Anfield Capital rolled out a multi-purpose, actively managed fixed-income ETF that draws upon the expertise from its five-year old mutual fund offering.

Anfield Capital recently launched the Anfield Universal Fixed Income ETF (Cboe: AFIF), which has a 0.95% expense ratio.

Anfield’s Cyrille Conseil, Peter van de Zilver and David Young serve as the portfolio managers of the active bond ETF.

The Anfield Universal Fixed Income ETF tries to generate current income and has broad flexibility to allocate its assets across different types of securities and sectors of the fixed income markets, according to the ETF’s prospectus.

AFIF’s portfolio may include corporate bonds, U.S. government and agency securities, master-limited partners, private debt, foreign sovereign bonds, convertible securities, bank loans, asset-backed securities, mortgage-backed securities and cash equivalent instruments. The ETF may also hold dividend-paying stocks.

Additionally, the portfolio may include various types of derivatives, including futures, options, credit default swaps, total return swaps and repurchase agreements as a substitute for making direct investments in underlying instruments, to reduce certain exposures or to “hedge” against market volatility and other risks.

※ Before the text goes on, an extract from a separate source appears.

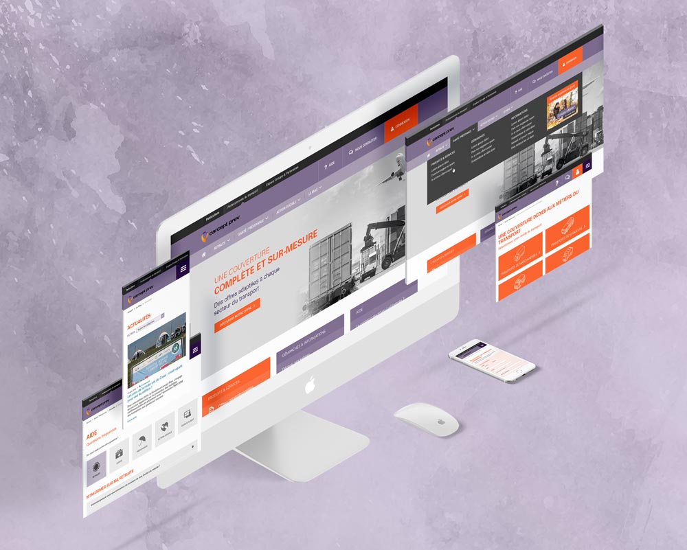 A la suite d'ateliers d'idéation, il m'a été demandé de concevoir les parcours clients sur le nouveau site Carcept-prev.fr et de les décliner en versions « responsives ». La cinquantaine d'écrans réalisée à cette occasion a ensuite été challengée par les membres de l'atelier avant d'entrer en phase de développement.

Some investors may be somewhat familiar with the strategy as AFIF acts as the sister fund to the Anfield Universal Fixed income Fund (AFLIX), which has a five-year track record. The ETF and mutual fund are both managed similarly but in different investment wrappers.

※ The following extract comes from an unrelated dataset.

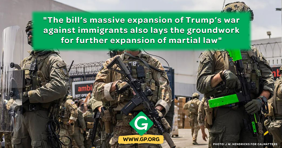 The Party said the bill’s massive expansion of Trump’s war against immigrants also lays the groundwork for further expansion of martial law, as witnessed by his mobilization of the military in Los Angeles and his increasing arrest of elected officials who oppose ICE’s kidnapping of law-abiding residents.
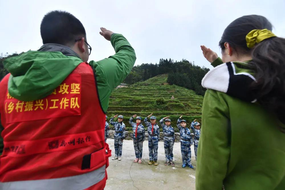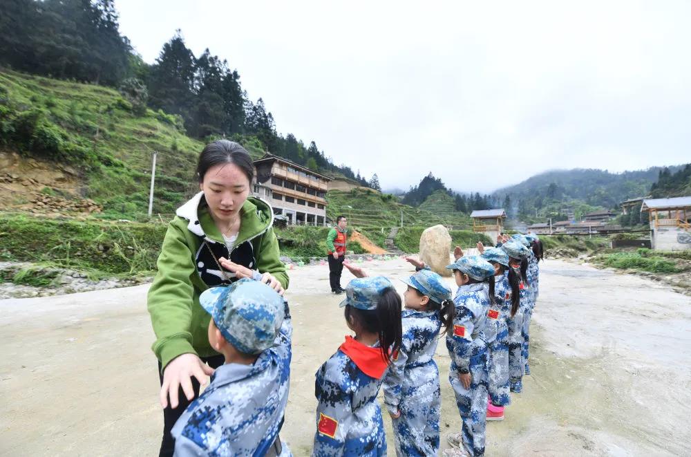 在柳州市融水苗族自治县杆洞乡党鸠村乌英苗寨,郑昌昊(前左)和吴晗(前右)在指导学生行少先队队礼(4月14日摄)。

Anfield’s managers try to achieve long-term secular orientation; value-driven with an income focus; benchmark, asset class and geography agnostic exposure; and a risk centric, downside-protection approach to investing.

The active managers try to achieve their goals through synthesis of top-down macro orientation with bottoms up security selection by targeting higher quality company bias and price adjusted quality bias. Additionally, investors may find that sector and asset class weightings are the result of the team’s bottoms up analysis.